| DATA RECORDS |
════════════════
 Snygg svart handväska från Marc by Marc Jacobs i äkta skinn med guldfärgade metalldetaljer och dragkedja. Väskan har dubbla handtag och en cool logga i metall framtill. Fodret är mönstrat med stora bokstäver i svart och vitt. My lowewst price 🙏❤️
════════════════
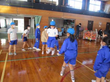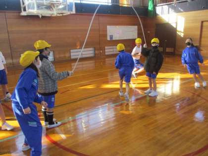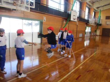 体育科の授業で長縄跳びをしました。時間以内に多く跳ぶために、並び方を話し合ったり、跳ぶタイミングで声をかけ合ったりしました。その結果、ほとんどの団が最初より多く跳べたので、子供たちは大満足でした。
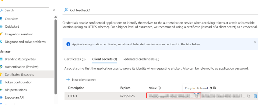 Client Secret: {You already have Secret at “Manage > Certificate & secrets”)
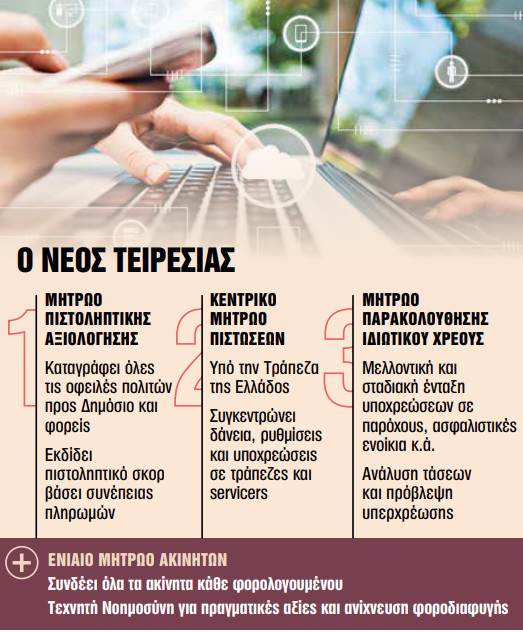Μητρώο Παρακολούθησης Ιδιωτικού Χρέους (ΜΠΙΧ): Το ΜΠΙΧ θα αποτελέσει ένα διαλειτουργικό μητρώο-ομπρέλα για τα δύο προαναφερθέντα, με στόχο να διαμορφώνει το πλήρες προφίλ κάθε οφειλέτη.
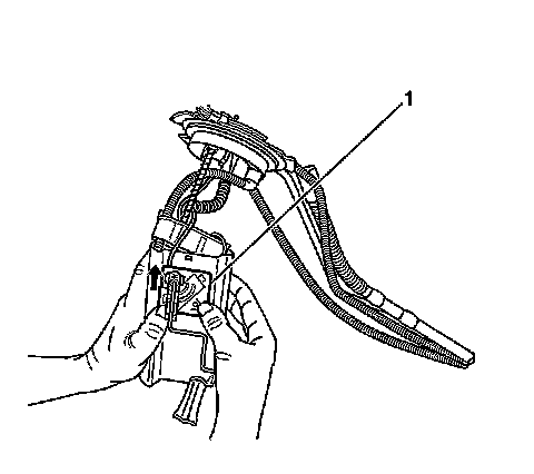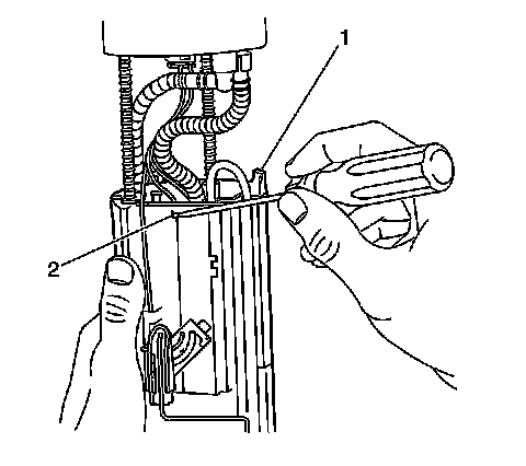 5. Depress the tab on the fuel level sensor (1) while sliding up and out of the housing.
════════════════
| WORK TO COMPLETE |
Transcribe, exactly and without pictures, everything in the data from the line with "already have Secret" down to the line with "5. Depress the", both included.

| RESPONSE TO THE TASK |
 Client Secret: {You already have Secret at “Manage > Certificate & secrets”)
Μητρώο Παρακολούθησης Ιδιωτικού Χρέους (ΜΠΙΧ): Το ΜΠΙΧ θα αποτελέσει ένα διαλειτουργικό μητρώο-ομπρέλα για τα δύο προαναφερθέντα, με στόχο να διαμορφώνει το πλήρες προφίλ κάθε οφειλέτη.
 5. Depress the tab on the fuel level sensor (1) while sliding up and out of the housing.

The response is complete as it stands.